До этого разговора Ганибалу и в голову не приходило задумываться о таких вещах, как взросление женщин. Он понятия не имел, бывает ли у его подопечной женское недомогание. Кто бы мог подумать, что это обстоятельство может быть таким важным?
— Ей нужен другой демон, — вынес вердикт доктор. — Иначе никак. Мужчина, женщина, родственник или нет — не важно. Ей нужно создание, родственное ее сущности.
Ганибал схватился за голову и застонал. Как быть?
— Я так понимаю, связи с ее родственниками у вас нет.
— Нет. Да и не признают демоны полукровок.
— Тут уж от конкретной семьи зависит, но в целом — да. Чужую полукровку не признают, — вздохнул доктор. — Вот что мы сделаем: я пока в городе останусь, посмотрю, чем богаты местные аптеки. Может, лекарствами ее поддержим. А вы пока хорошенько подумайте — и, возможно, найдете выход.

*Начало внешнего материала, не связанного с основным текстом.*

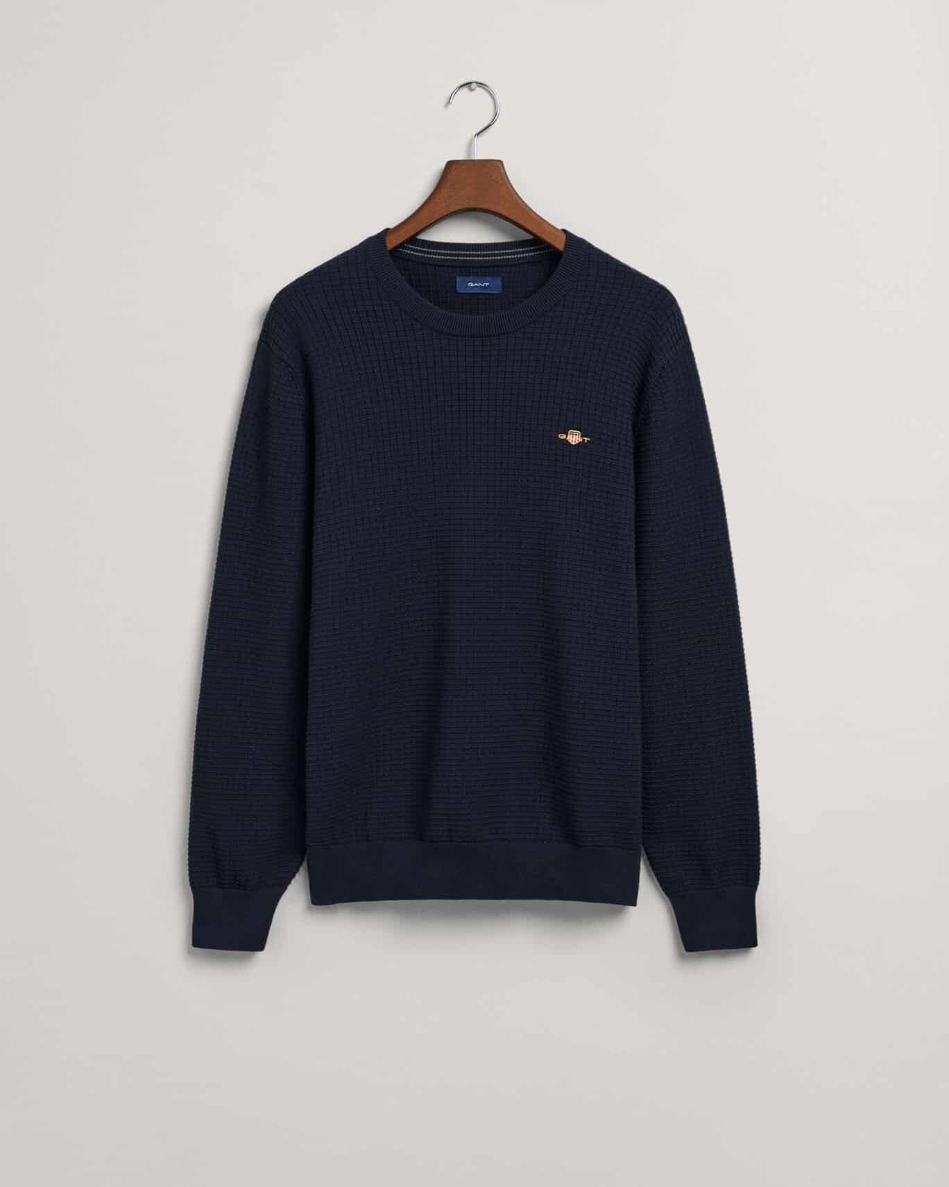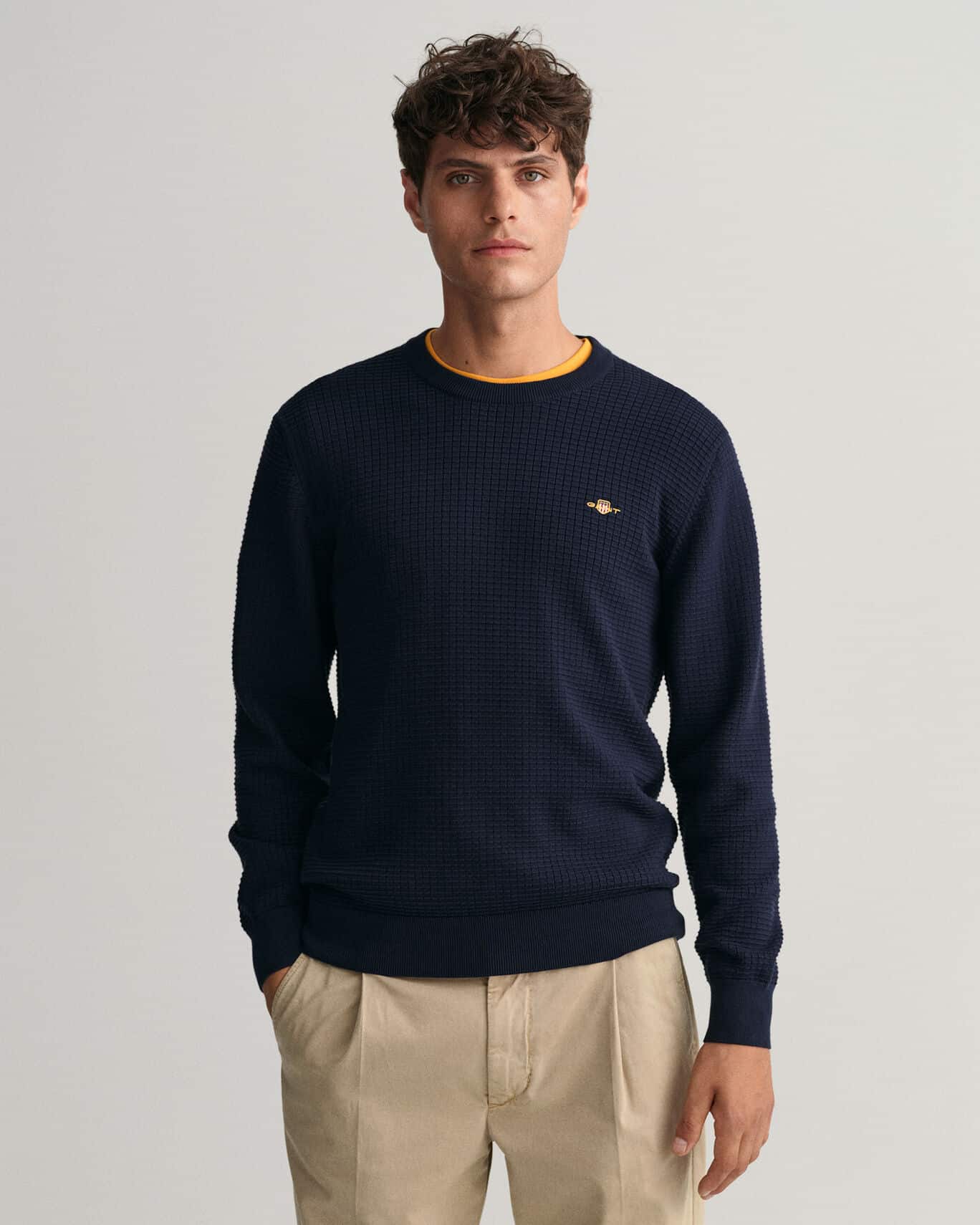 Miesten neule. Tekstuuripintainen Gant puuvillaneule. Rinnassa Archive Shield logo.

Загоревшаяся надежда окончательно погасла в глазах кузнеца. Не знал он ничего о той женщине, что погибла по его вине. Теперь уж ничего не исправить.
Через две ночи воришка набрался храбрости (или глупости) и вновь стоял у кровати больной девушки. Он и сам не мог понять, почему эти печальные глаза так манят его, но не мог противиться их зову.
Он прекрасно знал, что хозяин дома вернулся, и потому пытался быть почти неслышным.
— Привет — шепнул ночной гость.
Агата посмотрела на него осуждающе, но промолчала.
— Я тебе цветы принес, — кивнул он на букетик из редкой красоты растений. Он не стал скупиться и честно купил его на рынке у заезжего торговца — на деньги, вырученные от продажи нескольких ножей, что стащил из хозяйского кабинета.
Только сейчас он подумал о том, какой нелепый поступок совершил. Цветы вызовут множество вопросов, и если девушка не рассказала о ночном воришке, то теперь ей все равно придется объяснить, откуда в ее комнате взялся букет. А раз так, то была не была.
— И… и подарок, — заикаясь от неловкости, продолжил мальчишка.
Золотой медальон, который они с братом не успели продать, раскачивался, свисая с пальцев.
— Зачем? — тихий вопрос.
— Ты грустная. Мне захотелось тебя порадовать.
Глупое, трижды глупое объяснение, но сказанного не воротишь. Потому он решил, что лучше молчать. Больше не говоря ни слова, воришка сделал шаг к кровати и аккуратно застегнул замочек на шее девушки, позволив кулону спрятаться за вырезом ночной сорочки.